▶ [Assignment]
Take the lines from the line containing "Этот крайне реалистичный" through the end of the entries and output them exactly, with no pictures and nothing more.
BEGIN Given data
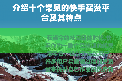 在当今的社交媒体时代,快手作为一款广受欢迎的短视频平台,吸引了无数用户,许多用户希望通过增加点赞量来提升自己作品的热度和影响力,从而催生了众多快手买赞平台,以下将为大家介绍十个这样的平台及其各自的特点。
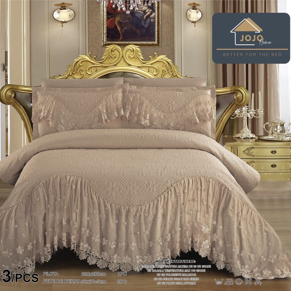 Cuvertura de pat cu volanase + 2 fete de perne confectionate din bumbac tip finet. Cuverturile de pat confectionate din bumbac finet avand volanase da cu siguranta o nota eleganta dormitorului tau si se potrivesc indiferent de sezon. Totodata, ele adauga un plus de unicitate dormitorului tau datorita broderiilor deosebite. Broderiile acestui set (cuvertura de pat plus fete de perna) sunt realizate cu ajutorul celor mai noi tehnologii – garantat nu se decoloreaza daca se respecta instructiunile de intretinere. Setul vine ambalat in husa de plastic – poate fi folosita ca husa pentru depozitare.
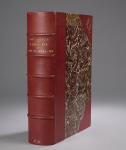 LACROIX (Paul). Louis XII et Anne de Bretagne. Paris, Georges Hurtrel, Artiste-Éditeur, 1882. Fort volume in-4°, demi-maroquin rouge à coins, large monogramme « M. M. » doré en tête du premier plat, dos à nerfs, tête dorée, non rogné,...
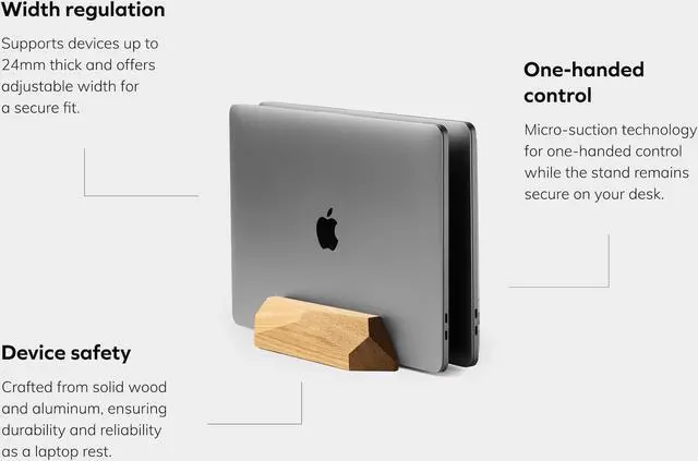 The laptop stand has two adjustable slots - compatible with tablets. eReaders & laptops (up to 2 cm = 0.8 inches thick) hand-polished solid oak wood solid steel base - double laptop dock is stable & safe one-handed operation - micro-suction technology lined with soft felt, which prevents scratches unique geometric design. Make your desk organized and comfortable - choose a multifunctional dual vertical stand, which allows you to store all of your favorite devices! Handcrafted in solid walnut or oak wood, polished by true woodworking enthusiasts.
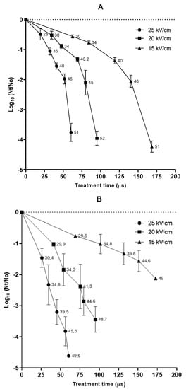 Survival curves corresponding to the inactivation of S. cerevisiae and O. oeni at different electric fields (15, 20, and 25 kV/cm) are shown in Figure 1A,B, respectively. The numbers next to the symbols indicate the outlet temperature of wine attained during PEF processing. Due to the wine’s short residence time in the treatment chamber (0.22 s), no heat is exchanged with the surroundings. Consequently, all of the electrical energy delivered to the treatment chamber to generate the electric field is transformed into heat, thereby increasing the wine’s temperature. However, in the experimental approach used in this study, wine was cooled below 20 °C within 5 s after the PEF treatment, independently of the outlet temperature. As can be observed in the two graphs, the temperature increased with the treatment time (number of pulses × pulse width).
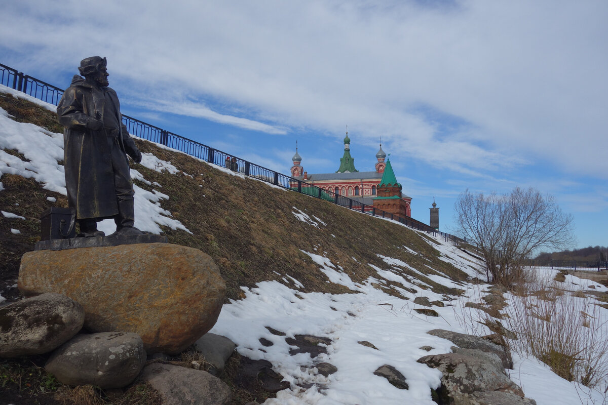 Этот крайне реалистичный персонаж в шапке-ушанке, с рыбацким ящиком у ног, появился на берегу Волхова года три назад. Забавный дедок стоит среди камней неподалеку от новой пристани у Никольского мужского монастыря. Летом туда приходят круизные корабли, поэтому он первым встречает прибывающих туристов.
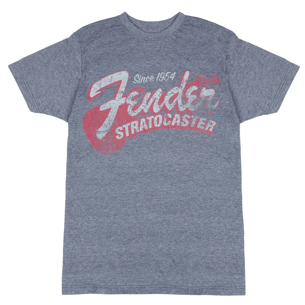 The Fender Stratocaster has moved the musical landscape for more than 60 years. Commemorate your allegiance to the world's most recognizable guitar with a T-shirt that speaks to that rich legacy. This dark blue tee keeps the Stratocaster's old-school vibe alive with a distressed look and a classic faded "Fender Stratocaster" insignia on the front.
END Given data
▶ [Solution to the problem]
 Этот крайне реалистичный персонаж в шапке-ушанке, с рыбацким ящиком у ног, появился на берегу Волхова года три назад. Забавный дедок стоит среди камней неподалеку от новой пристани у Никольского мужского монастыря. Летом туда приходят круизные корабли, поэтому он первым встречает прибывающих туристов.
 The Fender Stratocaster has moved the musical landscape for more than 60 years. Commemorate your allegiance to the world's most recognizable guitar with a T-shirt that speaks to that rich legacy. This dark blue tee keeps the Stratocaster's old-school vibe alive with a distressed look and a classic faded "Fender Stratocaster" insignia on the front.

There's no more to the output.